[Date Prev][Date Next][Thread Prev][Thread Next][Date Index][Thread Index]

Re: clustering



 > From: Leonid Leibman <http://www.gmail.com/~lleibman>
 > Date: Thu, 31 Mar 2005 17:13:56 -0500
 >
 > I actually installed glimpse and tried it. It is amazingly fast. It
 > doesn't support real regular expressions and is probably based on Wu
 > Manber...
 > My God, it is DEVELOPED by Wu and Manber. Mmm.

It does support regular expressions.  And approximate matching.  Look up
the manual.

Yes, Uri Manber, the designer of the uber-approximate matching algorithm
that combines regular expressions and approximate matching in a single
DFA.  It's mind-bogglingly complicated (I tried to read the paper when I
was working on that FAQ parsing project).

 > Of course just querying an index isn't good enough for an
 > "intelligent" software since it will still be too slow. There must be
 > an interface to the index itself. I'll look it up.

There's WebGlimpse.

 > Another thing is that such an indexing mechanism is most likely very
 > lossy as far as "clustering" goes. Maybe not.

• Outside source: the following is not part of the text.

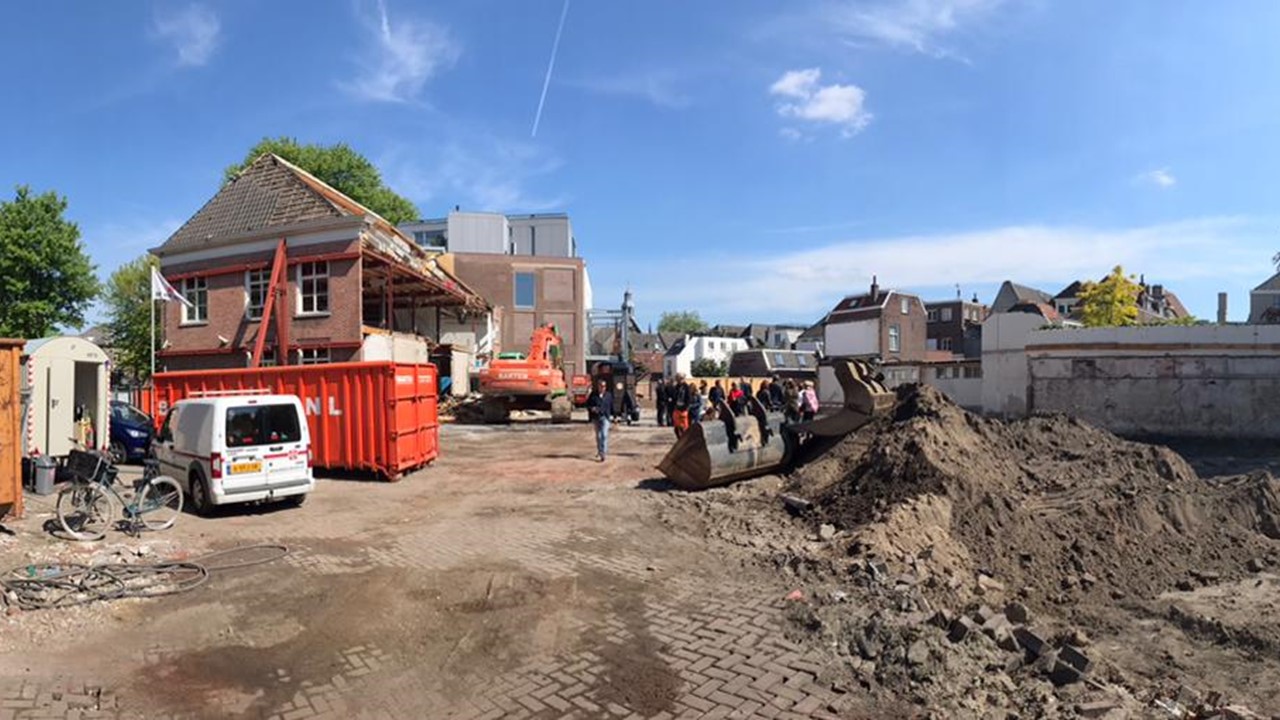 We kregen namelijk een rondleiding van een archeoloog van BAAC. Ze vertelde ons over bijzondere archeologische vondsten, zoals muren van oude arbeidershuisjes, kelders, een stookplaats en (gemetseld) rioolverloop. De archeologen brengen alles in kaart, binnenkort verdwijnt het meeste weer onder het zand en de nieuwe funderingen. Enkele delen van de opgravingen blijven zichtbaar, ook na oplevering van het plan.

glimpse is not lossy at all.  That's why it's "slow".  (Perhaps it's
faster for you 'cause you're only doing a few megabytes.  Trying to index
several gigabytes gets problematic.)  But, it doesn't cluster at all.
ifile does classification based on words via naive bayes.

 > If you find that free source search engine info, please send it to me.

OK.

 > Or anything that attempts to do disambiguation...

The open source search engine does not do disambiguation.  I don't know of
any open source code that does this...  Actually, I don't know of any
proprietary, either, now that I think about it.

 > Leonid




Why do you want this page removed?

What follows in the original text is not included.